Como era de esperarse, los opositores a cualquier acercamiento dejaron constancia de su postura poniendo la cruz no solo ante los acontecimientos anteriores, sino también después de que George W. Bush pospusiera por segunda vez, desde el inicio de su mandato, la aplicación del Título III de la Ley Helms-Burton, por lo que —entre otras cosas— un sector del exilio había acusado de comunista al demócrata William Jefferson Clinton, un exgobernador de Arkansas que había derrotado a George Bush (padre) a pesar de los altos índices de popularidad obtenidos por este durante la Guerra del Golfo.

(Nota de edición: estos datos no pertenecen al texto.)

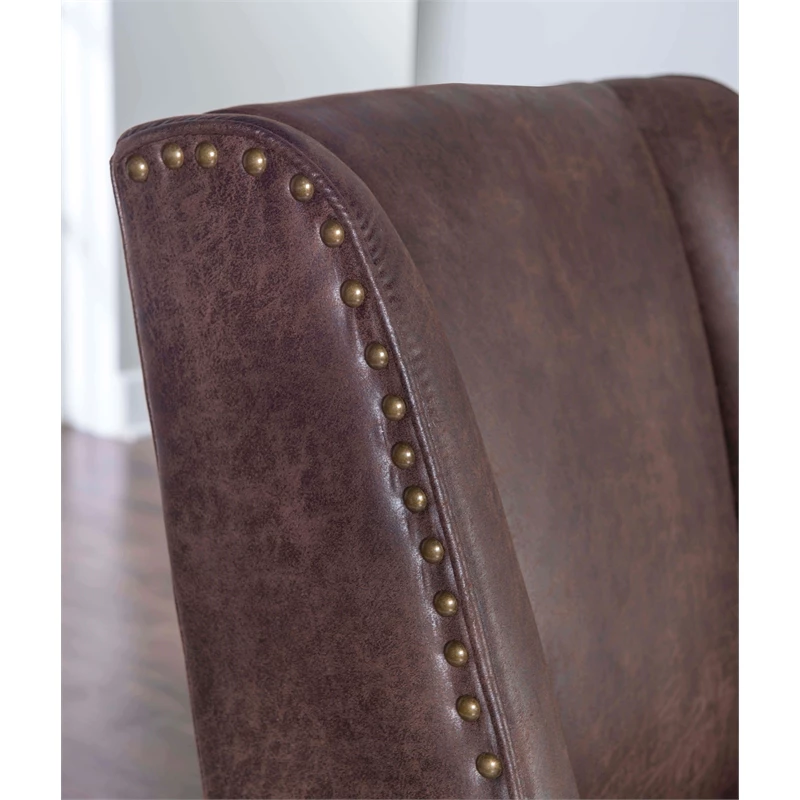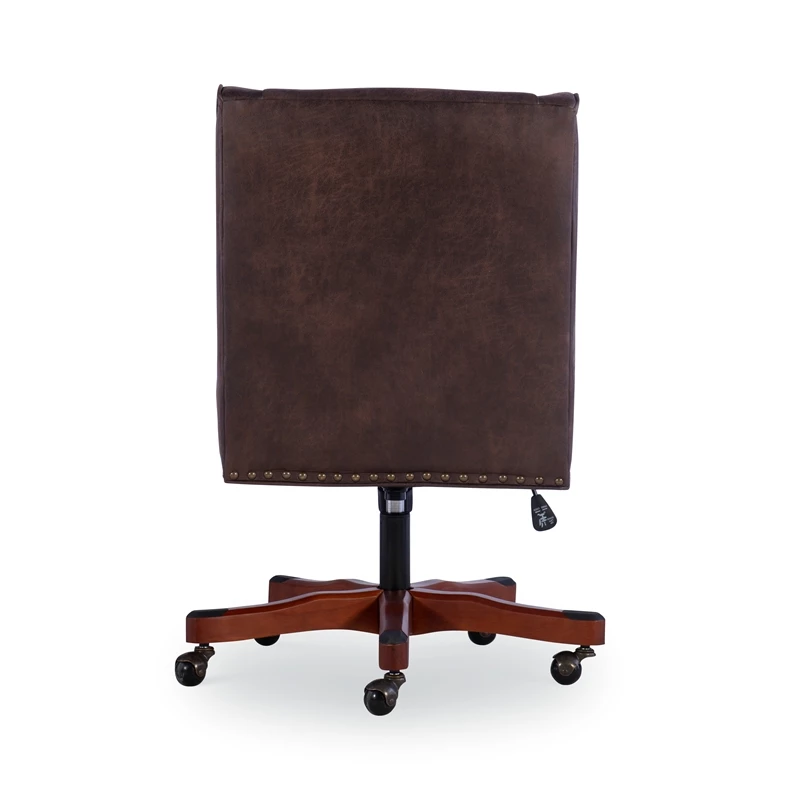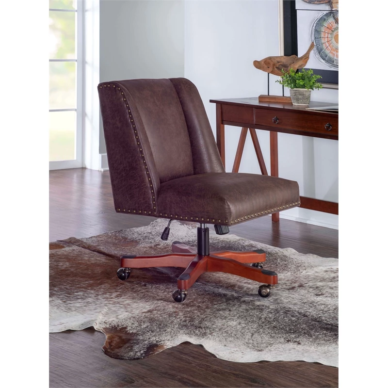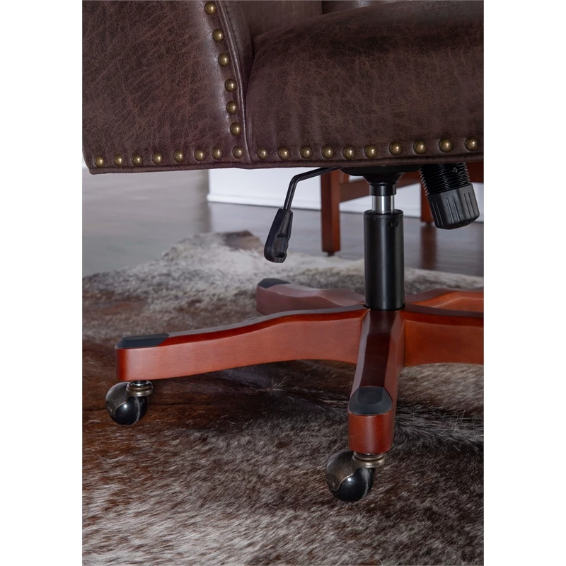 Add style and function to your office with the UrbanPro Office Chair. The soft, plush frame features simple modern lines upholstered in brown faux leather and accented with burnished brass nailheads. A sturdy dark walnut wood base is set upon durable metal casters for easy maneuverability. An adjustable seat height ensures this chair works for a variety of table heights. Perfect for a home workspace or an added touch of style at the office.

Lo cierto es que a principios del nuevo siglo todo ese acumulado coyuntural condujo a lo que algunos llamaron entonces, con razón, “la moda cubana” en Estados Unidos. “Cuba is in. Things Cuban are fashionable and in vogue” —constataba el destacado historiador cubanoamericano Louis A. Pérez, Jr. — “Cuba is way too cool”, sentenció por su parte la cantante Bonnie Rait al cabo de una experiencia con músicos cubanos, reunidos en 1999 en el Hotel Nacional para descargar juntos en el evento Music Bridges, en el que participaron artistas de la talla de Burt Bacharach, Gladys Knight, James Taylor, Jimmy Buffet y Mick Fleetwood, entre otros.
Por otro lado, la visita a Cuba del ex-presidente James Carter, en mayo de 2002, tuvo el efecto de reciclar las percepciones públicas sobre la Isla en los grandes medios de difusión y, sobre todo, en la TV. Desde este ángulo, lo distintivo fue la emergencia pública del debate existente entre sectores de la clase política estadounidense acerca de cómo lidiar con Cuba. Tanto dentro como fuera de los medios “palomas” y “halcones”, según lo usual, se difería en los métodos, pero había coincidencia en los fines: el presidente Fidel Castro llevaba ya demasiado tiempo en el poder y la política había fallado en deshacerse de él, algo que debía ser corregido al cabo de más de cuatro décadas. Thomas Shannon, subsecretario de Estado de la administración de George W. Bush predijo entonces (de nuevo) el inminente fin del régimen. “Los regímenes autoritarios son como los helicópteros. Si el rotor falla, te caes”, dijo. “Cuando un líder autoritario desaparece de un régimen autoritario, el régimen autoritario se tambalea…. Esto es lo que estamos viendo en este momento ”.
En ese justo momento reemergió la imagen de Cuba como bête noire, esta vez con la idea de que tendría el potencial de producir armamento bioterrorista contra Estados Unidos, constructo formulado por el ex-subsecretario de Estado para Asuntos de Organizaciones Internacionales, John Bolton, en la Heritage Foundation, un think tank que había fungido como una de las bases ideopolíticas del reaganismo.
Esa idea no prosperó demasiado, pero resultaba evidente que el sector “duro” estaba obturando sus mecanismos de opinión pública en aras de mantener el status quo, apelando al muy sensible tema del terrorismo después del 11 de septiembre.